As you can see, in iOS there is a fallback to HTML for malformed XHTML documents ... yes, there exists EPUBs authored with not-well-formed XML-HTML :( But otherwise, the application/xhtml+xml content type should be correctly passed into HTTP responses via the appropriate headers ... well, at least in the ReadiumSDK "launcher apps".

I am not sure about libxml's responsibility here, are you sure it isn't an implementation trick specific to UIWebview / WKWebView? (on iOS)

jccr commented 6 years ago

The mimetype served through HTTP is fine. The problematic bit is the html http equiv meta tag that has the incorrect mimetype. It appears that for this case it is always having the value of text/html.

The XML lib used by the ReadiumSDK logic seems to be responsible.

On Thu, Jun 21, 2018, 8:12 AM Daniel Weck, notifications@github.com wrote:

As you can see, in iOS there is a fallback to HTML for malformed XHTML documents ... yes, there exists EPUBs authored with not-well-formed XML-HTML :( But otherwise, the application/xhtml+xml content type should be correctly passed into HTTP responses via the appropriate headers ... well, at least in the ReadiumSDK "launcher apps".

I am not sure about libxml's responsibility here, are you sure it isn't an implementation trick specific to UIWebview / WKWebView? (on iOS)

— You are receiving this because you were mentioned.

Reply to this email directly, view it on GitHub https://github.com/readium/readium-sdk/issues/315#issuecomment-399138928, or mute the thread https://github.com/notifications/unsubscribe-auth/AE5RbFqVt2u7V18wl9s9zfA-rtxIMtWkks5t-7fXgaJpZM4UwC6B .

danielweck commented 6 years ago

Could you please share the EPUB you are using to reproduce the issue? I would like to run a quick test with SDKLauncher-OSX.

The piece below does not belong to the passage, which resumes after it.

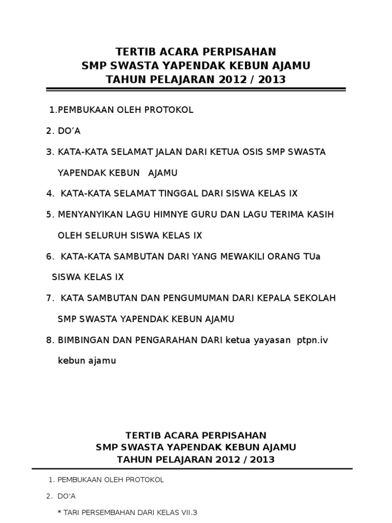 Contoh Susunan Acara Perpisahan Sd - Guru Galeri

danielweck commented 6 years ago

There is no DOM parsing (libxml or not) involved when the iOS / Android / OSX platform-native code (not C++, but Java or ObjectiveC) pre-processed the HTML documents in order to inject the navigator.epubReadingSystem stuff (it is all regular expression / plain text) ... so I do no understand why / how the <meta http-equiv="Content-Type" content="text/html; charset=utf-8" /> markup would be added.

IMO, the next best course of action is to reproduce (if possible) the bug with the SDKLauncher-iOS/Android/OSX apps, because it may be that your app is built with a different logic.

jccr commented 6 years ago

@winniequinn Let's try to reproduce this using the vanilla launchers. Could you share the EPUB that was used in your testing?

jccr commented 6 years ago

@danielweck I couldn't reproduce this using various books, including a similar Alice book like winnie's sample. I am using the Android launcher.

winniequinn commented 1 year ago

This repository seems dormant, so I hope no one minds me doing a little housecleaning and closing out this stale issue I reported. @danielweck, feel free to reopen if you think it's worth keeping this active!